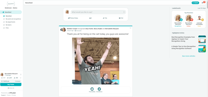 When you log into Applauz, the first thing you see is the Workplace. The Newsfeed is located in the menu directly below "Workplace" on the left-hand sidebar.
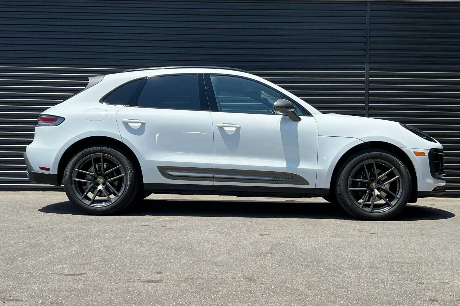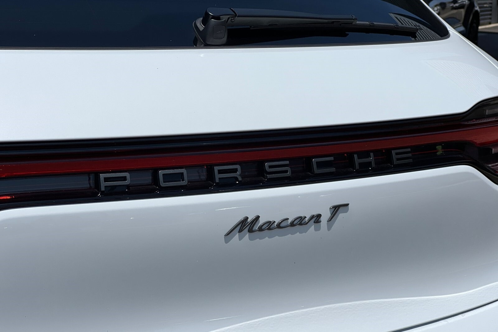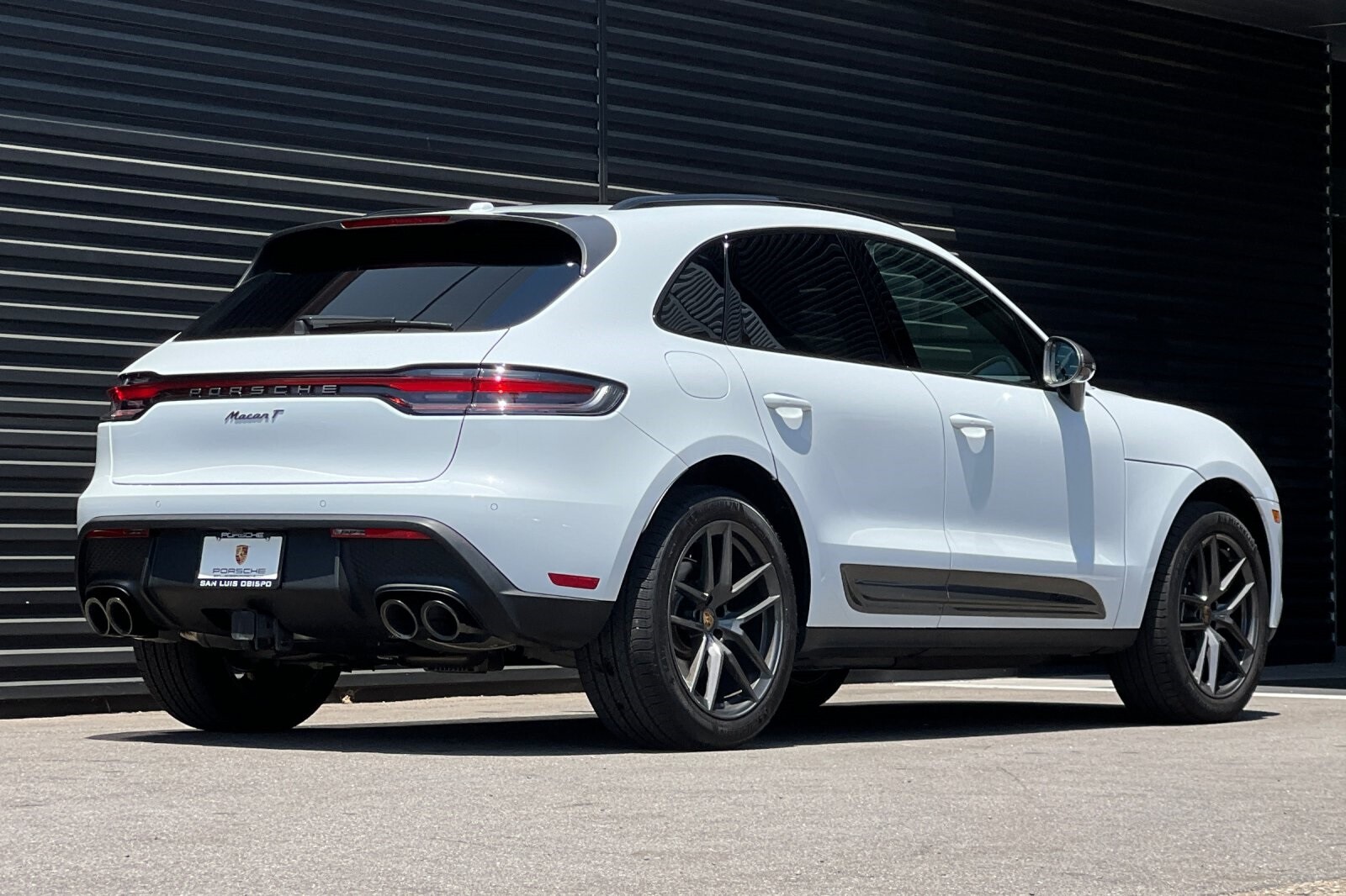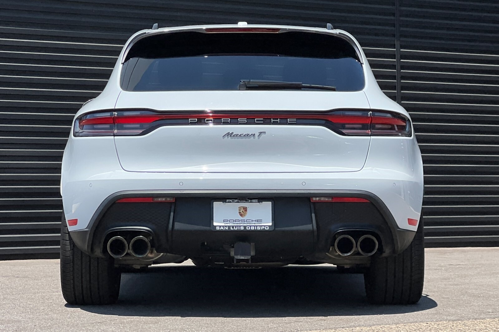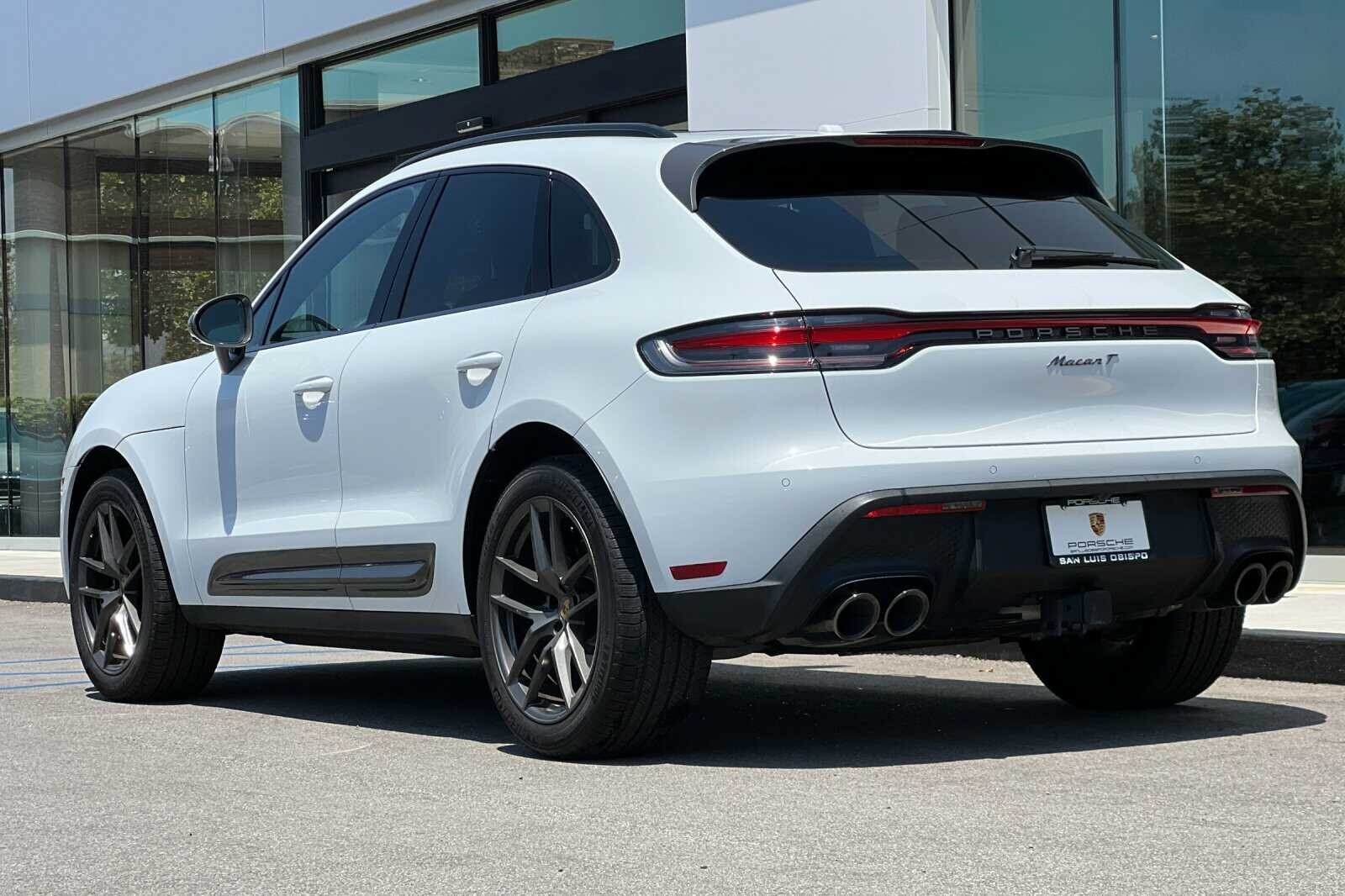 This Porsche San Luis Obispo 2023 Porsche Macan T AWD is well equipped and includes these features and benefits: 10 Speakers, 4-Wheel Disc Brakes, 4.67 Axle Ratio, ABS brakes, Air Conditioning, Alloy wheels, AM/FM radio: SiriusXM, Apple CarPlay & Android Auto, Auto-dimming door mirrors, Auto-dimming Rear-View mirror, Automatic temperature control, Brake assist, Bumpers: body-color, Delay-off headlights, Driver door bin, Driver vanity mirror, Dual front impact airbags, Dual front side impact airbags, Electronic Stability Control, Emergency communication system: Car Connect Services, Exterior Parking Camera Rear, Four wheel independent suspension, Front anti-roll bar, Front Bucket Seats, Front Center Armrest, Front dual zone A/C, Front reading lights, Fully automatic headlights, Garage door transmitter: HomeLink, Heated door mirrors, Heated front seats, Illuminated entry, Leather Shift Knob, Leather steering wheel, Low tire pressure warning, Navigation System, Occupant sensing airbag, Outside temperature display, Overhead airbag, Overhead console, Panic alarm, Passenger door bin, Passenger vanity mirror, Porsche Communication Management, Power door mirrors, Power driver seat, Power Liftgate, Power passenger seat, Power steering, Power windows, Radio data system, Rain sensing wipers, Rear air conditioning, Rear anti-roll bar, Rear reading lights, Rear seat center armrest, Rear side impact airbag, Rear window defroster, Rear window wiper, Remote keyless entry, Security system, Speed control, Speed-sensing steering, Split folding rear seat, Spoiler, Sport steering wheel, Steering wheel mounted audio controls, Tachometer, Telescoping steering wheel, Tilt steering wheel, Traction control, Trip computer, Turn signal indicator mirrors, and Variably intermittent wipers.
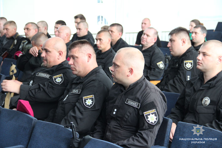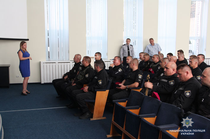 Після стройового огляду у дворі Головного управління Нацполіції, на якому відділ професійної підготовки управління кадрового забезпечення проінспектував зовнішній вигляд, однострої та документи бійців, з правоохоронцями спілкувалася психолог.

▶ [PROBLEM TO SOLVE]
Starting with the top line, write out all the data above exactly; keep the pictures out.

▶ [RESPONSE AREA]
 When you log into Applauz, the first thing you see is the Workplace. The Newsfeed is located in the menu directly below "Workplace" on the left-hand sidebar.
 This Porsche San Luis Obispo 2023 Porsche Macan T AWD is well equipped and includes these features and benefits: 10 Speakers, 4-Wheel Disc Brakes, 4.67 Axle Ratio, ABS brakes, Air Conditioning, Alloy wheels, AM/FM radio: SiriusXM, Apple CarPlay & Android Auto, Auto-dimming door mirrors, Auto-dimming Rear-View mirror, Automatic temperature control, Brake assist, Bumpers: body-color, Delay-off headlights, Driver door bin, Driver vanity mirror, Dual front impact airbags, Dual front side impact airbags, Electronic Stability Control, Emergency communication system: Car Connect Services, Exterior Parking Camera Rear, Four wheel independent suspension, Front anti-roll bar, Front Bucket Seats, Front Center Armrest, Front dual zone A/C, Front reading lights, Fully automatic headlights, Garage door transmitter: HomeLink, Heated door mirrors, Heated front seats, Illuminated entry, Leather Shift Knob, Leather steering wheel, Low tire pressure warning, Navigation System, Occupant sensing airbag, Outside temperature display, Overhead airbag, Overhead console, Panic alarm, Passenger door bin, Passenger vanity mirror, Porsche Communication Management, Power door mirrors, Power driver seat, Power Liftgate, Power passenger seat, Power steering, Power windows, Radio data system, Rain sensing wipers, Rear air conditioning, Rear anti-roll bar, Rear reading lights, Rear seat center armrest, Rear side impact airbag, Rear window defroster, Rear window wiper, Remote keyless entry, Security system, Speed control, Speed-sensing steering, Split folding rear seat, Spoiler, Sport steering wheel, Steering wheel mounted audio controls, Tachometer, Telescoping steering wheel, Tilt steering wheel, Traction control, Trip computer, Turn signal indicator mirrors, and Variably intermittent wipers.
 Після стройового огляду у дворі Головного управління Нацполіції, на якому відділ професійної підготовки управління кадрового забезпечення проінспектував зовнішній вигляд, однострої та документи бійців, з правоохоронцями спілкувалася психолог.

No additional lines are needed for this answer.